The Compiler Before The Horse: Design Space Exploration at Fractile
As the demands of large-scale DNN model deployments grow, innovation increasingly depends on tight coupling between hardware and software from the very beginning. Fractile, a UK startup building rack-scale accelerators for high-performance AI inference, adopted a strategy of developing functional compilers before the underlying architecture was fully fixed. This approach has contributed to our rapid design-space exploration, early validation of hardware ideas, and a fast feedback loop across teams.
This talk describes how early functional simulation, Python-based prototype compilers, and cross-disciplinary collaboration aided the team to evaluate architectural concepts long before the arrival of silicon. It also covers how priorities shift as the architecture matures: moving from flexible exploratory tooling toward robust, scalable compiler infrastructure; refining IRs to capture nuances of the memory hierarchy and other concerns; and balancing “don’t be weird” software principles with the need to support novel and product-defining hardware capabilities, such as in-memory compute.

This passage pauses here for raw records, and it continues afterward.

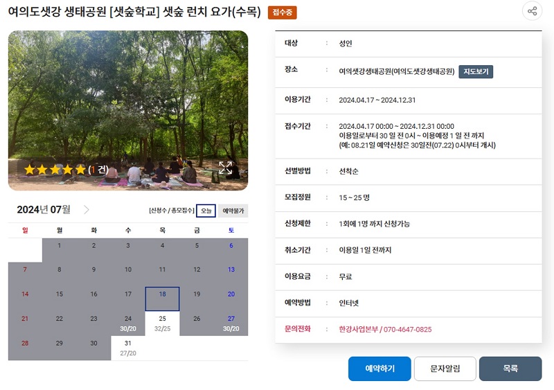 여의샛강생태공원 샛숲 런치요가 수, 목요일반
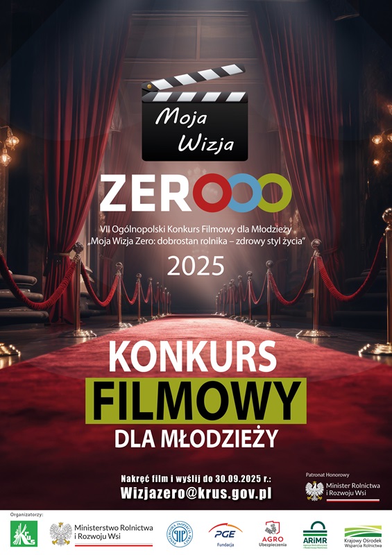 27 maja 2025 r. Kasa Rolniczego Ubezpieczenia Społecznego zainaugurowała VII Ogólnopolski Konkurs Filmowy dla Młodzieży „Moja Wizja Zero: dobrostan rolnika – zdrowy styl życia”. Konkurs odbywa się pod Honorowym Patronatem Ministra Rolnictwa i Rozwoju Wsi.
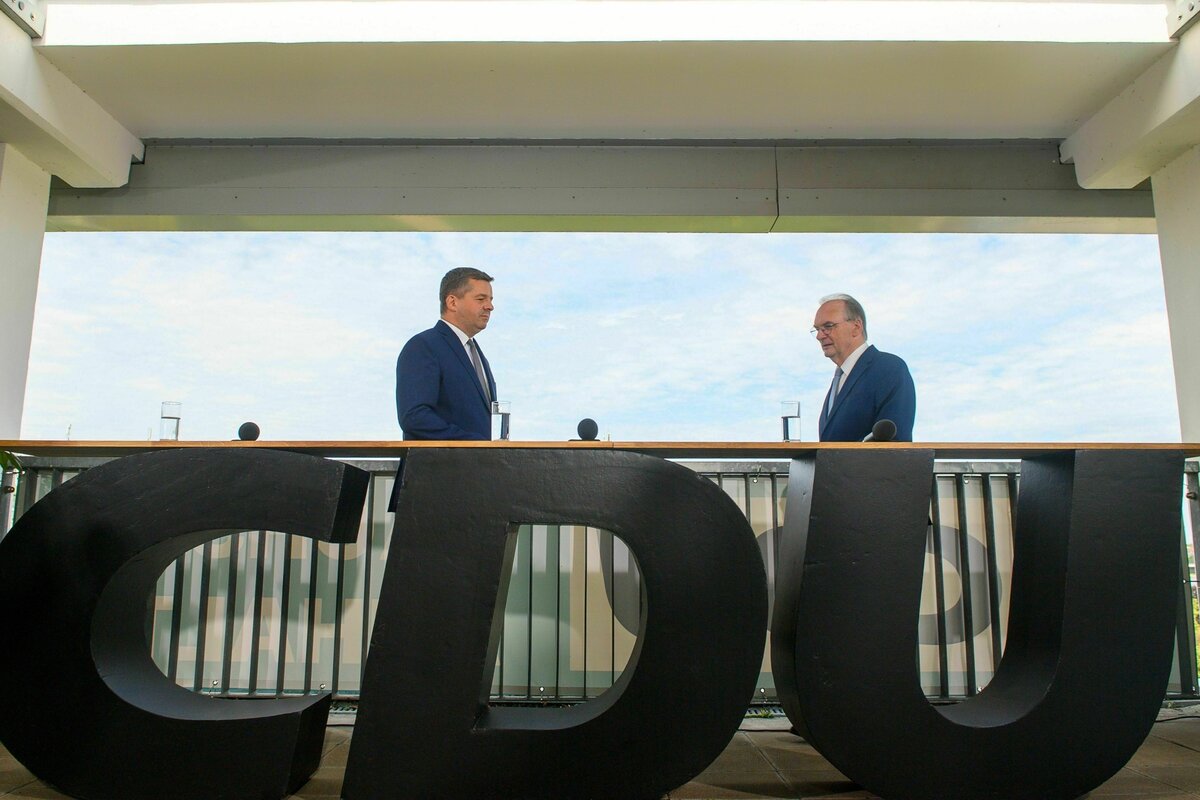 Zur offiziellen Verkündung am Donnerstagmittag stehen Schulze und Haseloff auf der Dachterasse der Parteizentrale in Magdeburg. Die Sonne scheint, Haseloff greift zum Mikrofon und beginnt mit einem Rückblick: Schon bei der letzten Landtagswahl habe der heute 71-Jährige eigentlich nicht mehr geplant, anzutreten. Er habe es trotzdem getan, um einen Generationswechsel vorzubereiten, um einen Nachfolger aufzubauen.
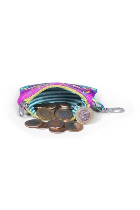 Tek bölmeli, fermuarlı bozuk para cüzdanı.
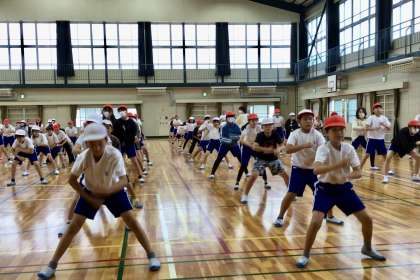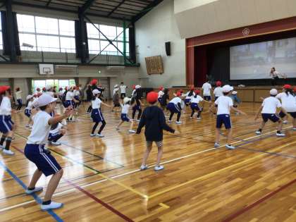 ついに高学年が体育館に集まって、はじめてのソーラン練習に汗を流しました。
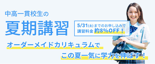 2025年5月31日(土)までに、7月19日(土)から開催される夏期講習にお申し込みいただいた方を対象に、夏期講習の料金が割引になるキャンペーンを実施いたします。

Attendees will hear how Fractile’s hardware-software co-design process reduced iteration time, clarified trade-offs and bottlenecks, and helped drive key architectural decisions - along with a look at some of the compiler challenges and opportunities we have explored and face.

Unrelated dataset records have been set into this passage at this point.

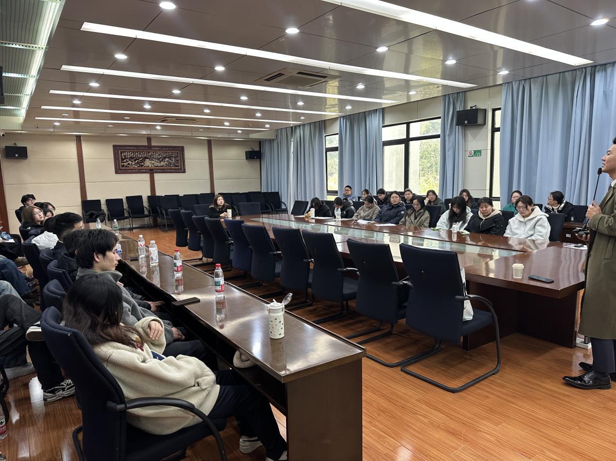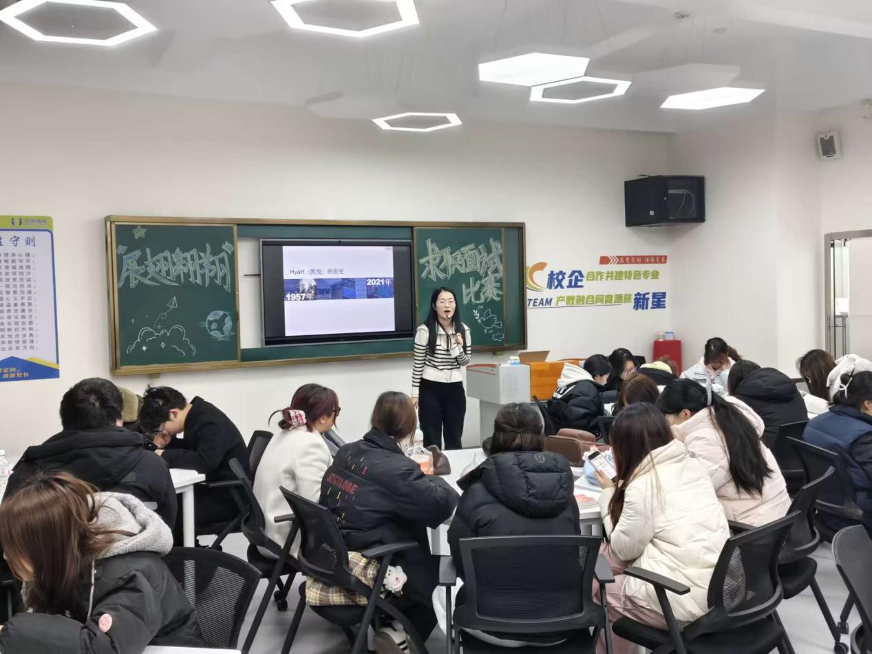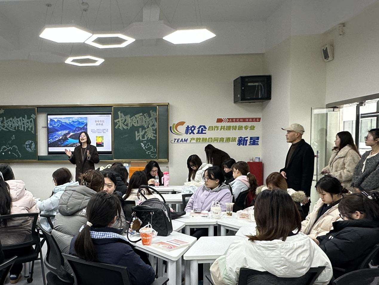 上午8点30分至10点10分,两场特色活动同步开展,精准匹配不同年级学生的成长需求。在12-213酒旅实训室,虹桥香格里拉、新天地安达仕酒店的资深企业讲师为25级酒旅班学生带来《香格里拉集团文化之旅》、《凯悦集团文化之旅》精品企业系列培训。培训伊始,讲师们以行业发展趋势为切入点,结合两大集团的百年发展历程,生动讲述了品牌从创立到成为国际酒旅标杆的进阶之路,让学生们对高端酒店品牌的发展脉络有了系统认知。随后,讲师们聚焦品牌核心文化理念展开深度解读,详细阐释香格里拉“亚洲式待客之道”的核心理念,从细节服务、人文关怀等方面结合真实服务案例,展现品牌独有的服务温度;同时解析凯悦集团“以全球视野演绎本土风情”的品牌特色,介绍其在全球布局中如何兼顾标准化服务与本土化适配。培训中,讲师还分享了两大集团的人才培养体系、岗位设置及职业晋升路径,针对酒旅专业新生的学习困惑,讲解了专业知识学习与岗位技能提升的结合要点,现场通过互动提问的方式,让学生们沉浸式感受国际酒旅品牌的文化底蕴与行业魅力,不仅夯实了新生的专业认知基础,更让大家明晰了后续的学习与职业发展方向。
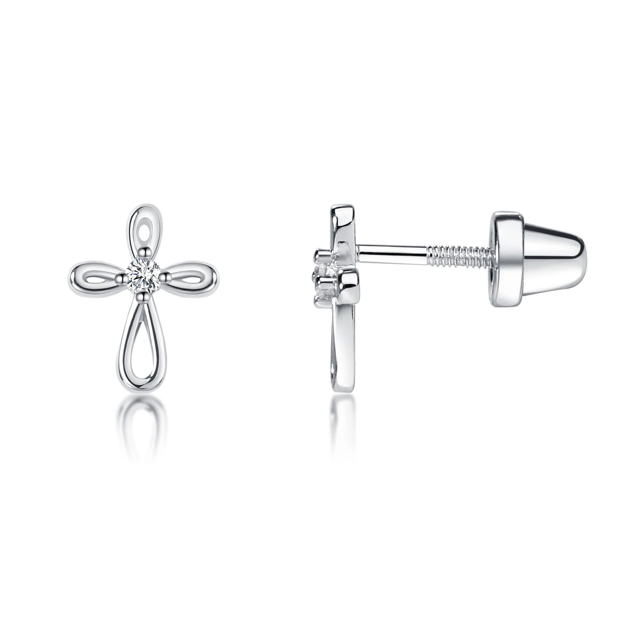Cherished Moments Sterling Silver Infinity Cross Earrings with Screw Back
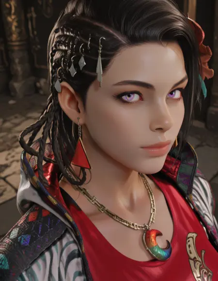 Azucena, brown eyes, or purple eyes, black hair,braids, long hair,
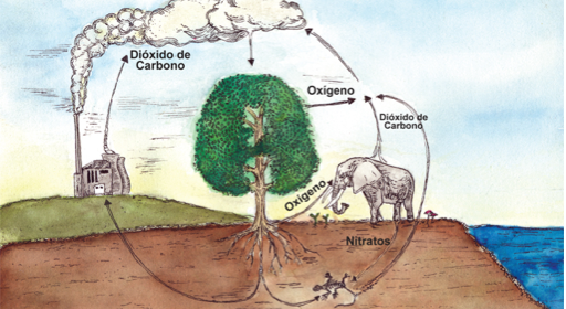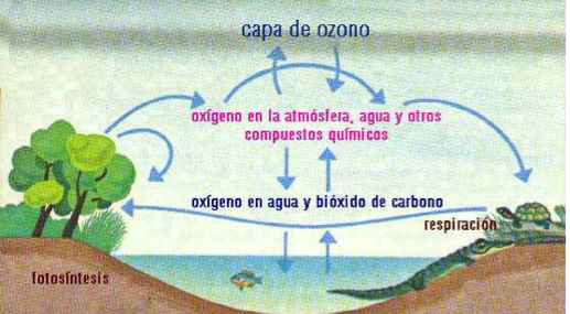 Al respirar los y animales los seres humanos tomamos del aire el oxígeno que las plantas producen y exhalamos gas carbónico. Las plantas cogen el gas que exhalamos para hacer el proceso de la fotosíntesis. Plantas animales y seres humanos intercambian el oxígeno y gas carbónico todo el tiempo lo vuelven a usar y los reciclan.
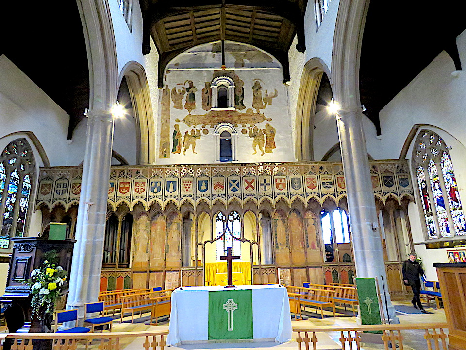 The large stone columns and rounded arches of the Norman period contrast with the fine stone ribs of the fan-vaulted ceiling of the 1460s, which replaced the fire-damaged wooden roof.
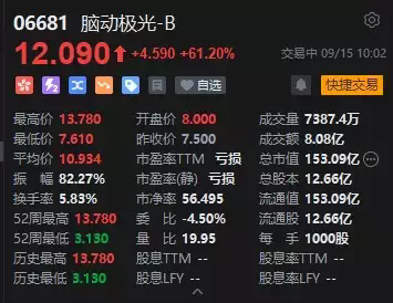 港股腦動極光-B在2025年9月15日的交易中表現(xiàn)非常驚人,一度拉升大漲超80%,報13.78港元,為接連第三日上漲,股價創(chuàng)上市新高,
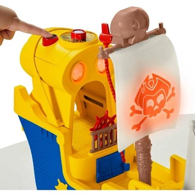 - Interactive pirate ship playset with realistic “sailing” motion, lights, sounds, phrases and full story prompts from Nickelodeon’s Santiago of the Seas animated series

Uladzislau graduated from Belarusian State University of Informatics and Radioelectronics in 2019. As a Senior Software Engineer at Huawei Kopernik RC, he leverages over five years of experience in game development and systems engineering. He now drives low-level optimizations for Ascend NPUs and advances heterogeneous computing, focusing on maximizing the efficiency of AI hardware infrastructure.
Hardware-Affine Compiler Ecosystem Optimization for Ascend
This talk presents SGLang as a high-level inference framework and its systematic optimizations for NPU-based deployment, including key capabilities such as KV cache management, expert parallelism, PD disaggregation, and quantization, as well as cross-platform optimizations like DP-Attention and speculative decoding. As high-performance inference increasingly relies on fused operators, differences in operator implementations and interfaces across hardware architectures have become a major challenge for unified cross-platform optimization. To address this issue, we explore and adopt a torch.compile–based approach, leveraging the inductor backend to achieve efficient NPU-oriented code generation while preserving a unified operator-level model representation. The talk further introduces our concrete work within the Triton/Inductor ecosystem, including fused operator design for CV and matrix computations, the integration of the CATLASS template library with automatic tuning, support for graph mode and sparse DMA, and enabling triton-distributed through aclshmem.